It was a long fight  back from the pancreatitis but when he arrived there was new hope.  The AIDS cocktail had arrived and Robert, having stood on the precipice twice in less than six months time and looked into the darkness of death, was ready to give it a try.  It was a good move.  In the next six years we would have many happy times and we would write a book of our experiences in the medical marijuana world (Marijuana Rx: The Patients’ Fight for Medicinal Pot ).

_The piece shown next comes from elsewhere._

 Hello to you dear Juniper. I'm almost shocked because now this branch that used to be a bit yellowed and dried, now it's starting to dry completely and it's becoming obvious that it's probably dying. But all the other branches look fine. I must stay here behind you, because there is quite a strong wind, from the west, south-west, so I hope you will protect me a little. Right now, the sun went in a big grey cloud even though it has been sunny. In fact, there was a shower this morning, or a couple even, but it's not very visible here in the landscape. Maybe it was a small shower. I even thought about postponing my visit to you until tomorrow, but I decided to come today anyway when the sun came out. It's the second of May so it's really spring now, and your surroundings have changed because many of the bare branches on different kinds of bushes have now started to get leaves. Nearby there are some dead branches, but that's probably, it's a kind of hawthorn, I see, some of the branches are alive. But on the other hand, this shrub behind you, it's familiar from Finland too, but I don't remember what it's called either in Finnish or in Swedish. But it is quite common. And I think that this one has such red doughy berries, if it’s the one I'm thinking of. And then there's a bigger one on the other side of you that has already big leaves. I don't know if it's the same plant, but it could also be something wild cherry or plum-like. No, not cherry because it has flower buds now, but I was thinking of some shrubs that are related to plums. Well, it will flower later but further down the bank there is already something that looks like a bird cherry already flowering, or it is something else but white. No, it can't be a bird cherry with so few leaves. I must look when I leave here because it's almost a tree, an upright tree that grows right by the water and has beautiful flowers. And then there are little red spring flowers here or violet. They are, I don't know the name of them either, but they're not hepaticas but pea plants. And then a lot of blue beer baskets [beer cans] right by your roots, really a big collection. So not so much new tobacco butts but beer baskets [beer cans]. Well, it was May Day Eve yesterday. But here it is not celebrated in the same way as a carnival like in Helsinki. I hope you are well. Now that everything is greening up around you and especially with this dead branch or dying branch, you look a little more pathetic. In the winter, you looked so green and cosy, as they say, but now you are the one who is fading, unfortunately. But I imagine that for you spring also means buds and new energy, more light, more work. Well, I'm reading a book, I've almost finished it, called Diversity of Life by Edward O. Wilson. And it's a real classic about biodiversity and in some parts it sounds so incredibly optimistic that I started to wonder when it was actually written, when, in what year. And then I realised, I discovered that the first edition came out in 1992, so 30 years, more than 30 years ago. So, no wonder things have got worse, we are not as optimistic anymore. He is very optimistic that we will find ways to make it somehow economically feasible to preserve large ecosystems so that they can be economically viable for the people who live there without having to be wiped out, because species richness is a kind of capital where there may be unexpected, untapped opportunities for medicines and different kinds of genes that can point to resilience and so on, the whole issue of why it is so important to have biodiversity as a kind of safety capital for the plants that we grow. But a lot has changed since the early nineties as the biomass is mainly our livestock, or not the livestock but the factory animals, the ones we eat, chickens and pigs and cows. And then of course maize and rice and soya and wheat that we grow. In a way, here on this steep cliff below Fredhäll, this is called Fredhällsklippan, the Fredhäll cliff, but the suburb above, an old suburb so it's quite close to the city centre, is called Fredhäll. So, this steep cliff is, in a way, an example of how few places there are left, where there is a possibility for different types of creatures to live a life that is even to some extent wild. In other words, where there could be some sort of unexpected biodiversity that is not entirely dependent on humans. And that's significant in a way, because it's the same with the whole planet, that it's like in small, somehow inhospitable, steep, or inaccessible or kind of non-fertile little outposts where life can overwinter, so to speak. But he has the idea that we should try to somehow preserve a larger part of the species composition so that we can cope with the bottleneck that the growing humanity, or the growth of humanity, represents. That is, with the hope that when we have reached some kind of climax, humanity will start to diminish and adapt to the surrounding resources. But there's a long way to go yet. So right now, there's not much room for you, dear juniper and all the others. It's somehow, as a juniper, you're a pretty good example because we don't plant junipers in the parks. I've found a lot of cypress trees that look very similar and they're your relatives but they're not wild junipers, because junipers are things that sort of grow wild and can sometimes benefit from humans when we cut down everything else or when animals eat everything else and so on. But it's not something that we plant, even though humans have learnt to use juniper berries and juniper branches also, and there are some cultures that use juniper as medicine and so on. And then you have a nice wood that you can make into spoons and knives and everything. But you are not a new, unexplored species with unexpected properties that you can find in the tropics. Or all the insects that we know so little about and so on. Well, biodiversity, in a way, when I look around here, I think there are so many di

In the end he died not of AIDS but of lung cancer.  He had smoked two packs of cigarettes a day for more than 25 years. He loved his tobacco.  Did the AIDS accelerate the lung cancer? Quite possibly but we’ll never know and it ultimately doesn’t matter.  Robert is gone.  I’m certain of that and I know the precise date and time.  Anniversaries are good in that way. ❧

Weighty Questions

Generations

Recently my niece’s mother died. You can see her in the forty year old picture to the left, holding my niece who, obviously, was a toddler at the time. Also in this photo is my niece’s father (my brother) and her Great-Great Aunt, who was born in 1885 and was about 84 years old when this picture was taken. Of the four only my niece remains. Her mother and father died relatively young, each in their late 60s.  Her Auntie lived to be 92.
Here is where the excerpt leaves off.